- [TASK DESCRIPTION]:
Look below for the line that contains "2021 年 01 月發售。", then copy it and each following line exactly, through and including the line that contains "This bingo card".

========================================================================

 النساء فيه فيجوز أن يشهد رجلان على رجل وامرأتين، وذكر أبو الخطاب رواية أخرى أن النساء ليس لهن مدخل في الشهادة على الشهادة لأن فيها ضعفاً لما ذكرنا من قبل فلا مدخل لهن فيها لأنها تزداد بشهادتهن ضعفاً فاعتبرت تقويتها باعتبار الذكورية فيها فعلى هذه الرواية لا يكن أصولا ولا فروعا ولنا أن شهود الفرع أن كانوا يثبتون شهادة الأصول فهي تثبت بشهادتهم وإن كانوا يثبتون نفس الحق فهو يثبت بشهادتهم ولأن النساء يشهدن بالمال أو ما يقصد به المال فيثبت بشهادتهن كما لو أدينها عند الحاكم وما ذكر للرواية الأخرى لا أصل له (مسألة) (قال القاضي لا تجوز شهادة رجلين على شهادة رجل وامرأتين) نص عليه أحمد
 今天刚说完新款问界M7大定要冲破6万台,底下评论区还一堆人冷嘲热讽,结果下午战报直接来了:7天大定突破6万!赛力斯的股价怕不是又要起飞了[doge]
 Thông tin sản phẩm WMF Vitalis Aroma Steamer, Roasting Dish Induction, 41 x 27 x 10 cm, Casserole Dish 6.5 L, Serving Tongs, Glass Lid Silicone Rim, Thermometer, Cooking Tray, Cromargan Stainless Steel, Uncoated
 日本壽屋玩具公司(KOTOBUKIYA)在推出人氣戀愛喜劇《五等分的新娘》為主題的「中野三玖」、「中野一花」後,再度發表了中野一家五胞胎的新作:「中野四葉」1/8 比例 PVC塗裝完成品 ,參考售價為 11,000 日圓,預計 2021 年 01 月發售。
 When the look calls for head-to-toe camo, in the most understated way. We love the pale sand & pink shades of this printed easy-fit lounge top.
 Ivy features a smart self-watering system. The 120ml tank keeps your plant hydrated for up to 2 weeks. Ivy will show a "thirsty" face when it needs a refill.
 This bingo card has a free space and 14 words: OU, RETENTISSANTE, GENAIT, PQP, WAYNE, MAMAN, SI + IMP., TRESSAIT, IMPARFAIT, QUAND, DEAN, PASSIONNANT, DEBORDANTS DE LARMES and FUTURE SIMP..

========================================================================

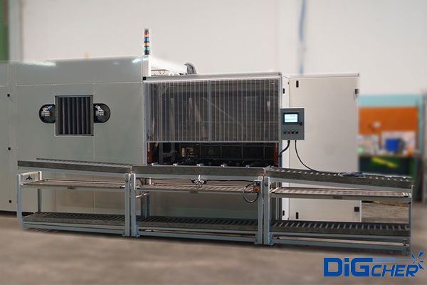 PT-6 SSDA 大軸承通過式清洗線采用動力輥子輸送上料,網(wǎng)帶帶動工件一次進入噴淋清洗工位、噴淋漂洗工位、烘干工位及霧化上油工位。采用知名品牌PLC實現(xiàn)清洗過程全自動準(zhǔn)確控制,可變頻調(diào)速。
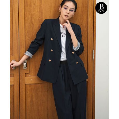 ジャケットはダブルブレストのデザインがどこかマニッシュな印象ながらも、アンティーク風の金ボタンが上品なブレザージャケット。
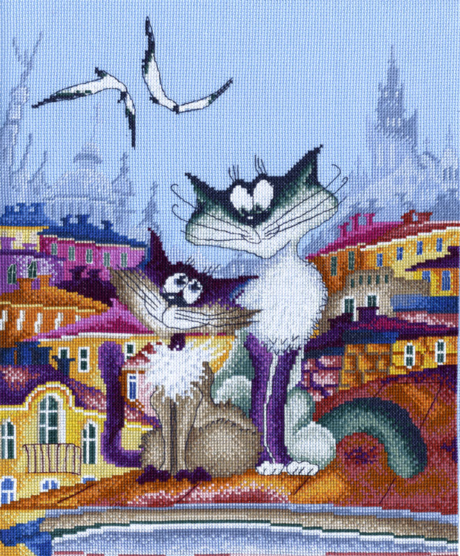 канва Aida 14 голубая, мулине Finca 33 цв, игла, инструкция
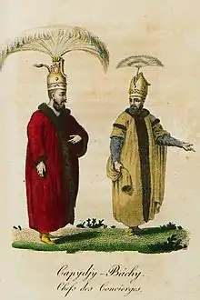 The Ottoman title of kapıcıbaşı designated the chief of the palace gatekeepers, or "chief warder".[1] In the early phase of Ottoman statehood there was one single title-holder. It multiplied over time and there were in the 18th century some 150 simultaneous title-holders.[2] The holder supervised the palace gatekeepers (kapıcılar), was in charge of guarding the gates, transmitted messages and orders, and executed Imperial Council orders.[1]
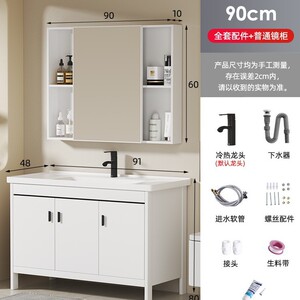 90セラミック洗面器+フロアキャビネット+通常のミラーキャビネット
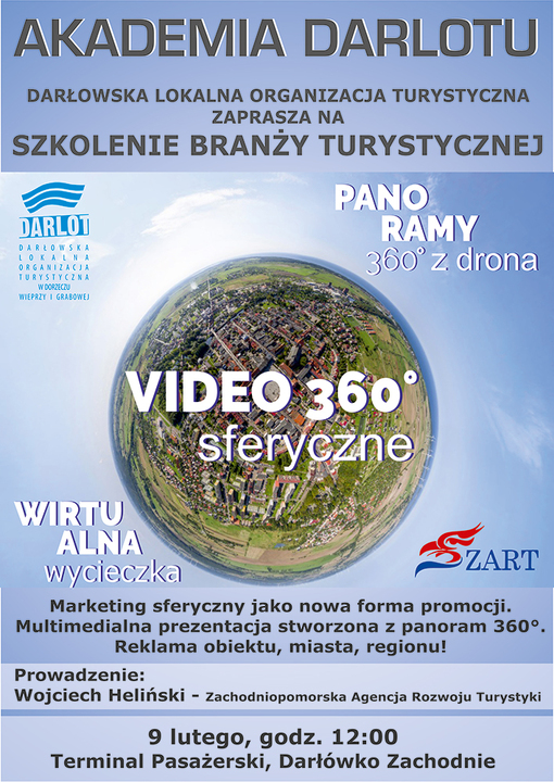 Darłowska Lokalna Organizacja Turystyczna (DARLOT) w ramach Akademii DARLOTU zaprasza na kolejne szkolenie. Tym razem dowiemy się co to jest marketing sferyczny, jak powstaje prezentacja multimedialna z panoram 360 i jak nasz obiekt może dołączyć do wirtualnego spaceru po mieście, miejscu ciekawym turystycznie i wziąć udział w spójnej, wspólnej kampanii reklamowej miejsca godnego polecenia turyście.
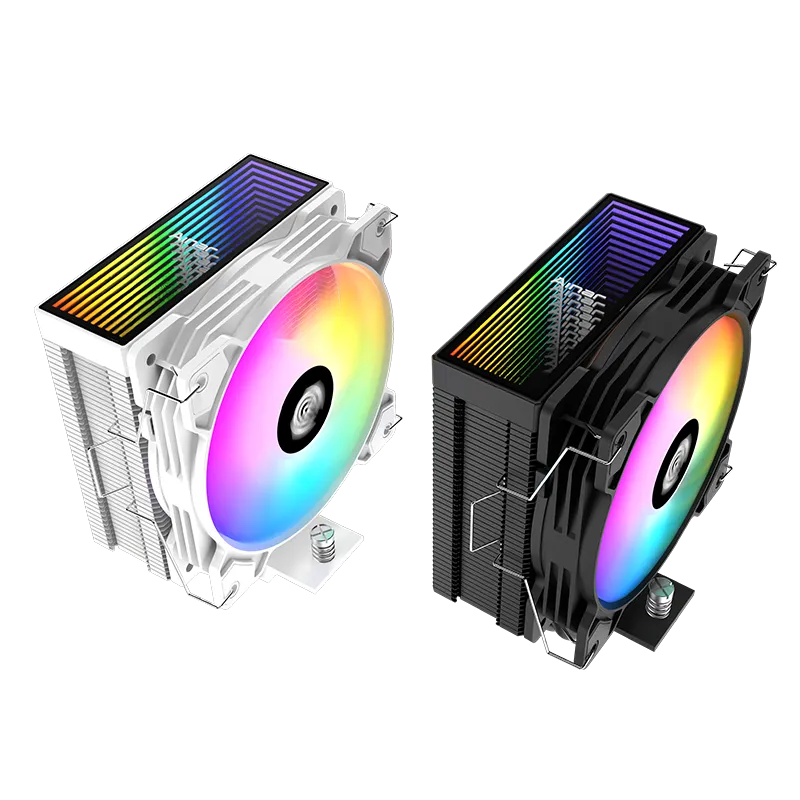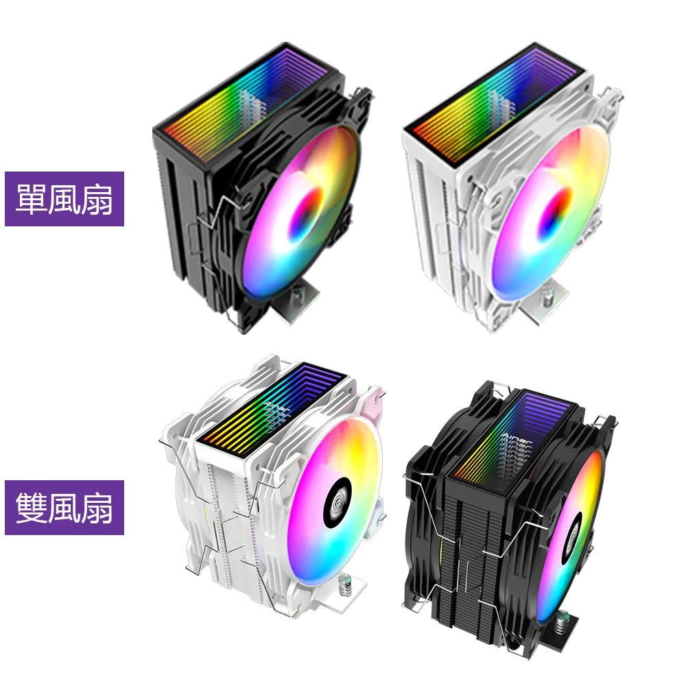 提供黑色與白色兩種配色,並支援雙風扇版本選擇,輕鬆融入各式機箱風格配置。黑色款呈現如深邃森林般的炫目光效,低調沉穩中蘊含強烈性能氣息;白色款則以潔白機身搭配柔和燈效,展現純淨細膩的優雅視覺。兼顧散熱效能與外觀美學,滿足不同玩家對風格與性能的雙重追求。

========================================================================

- [ANSWER AREA]:
 日本壽屋玩具公司(KOTOBUKIYA)在推出人氣戀愛喜劇《五等分的新娘》為主題的「中野三玖」、「中野一花」後,再度發表了中野一家五胞胎的新作:「中野四葉」1/8 比例 PVC塗裝完成品 ,參考售價為 11,000 日圓,預計 2021 年 01 月發售。
 When the look calls for head-to-toe camo, in the most understated way. We love the pale sand & pink shades of this printed easy-fit lounge top.
 Ivy features a smart self-watering system. The 120ml tank keeps your plant hydrated for up to 2 weeks. Ivy will show a "thirsty" face when it needs a refill.
 This bingo card has a free space and 14 words: OU, RETENTISSANTE, GENAIT, PQP, WAYNE, MAMAN, SI + IMP., TRESSAIT, IMPARFAIT, QUAND, DEAN, PASSIONNANT, DEBORDANTS DE LARMES and FUTURE SIMP..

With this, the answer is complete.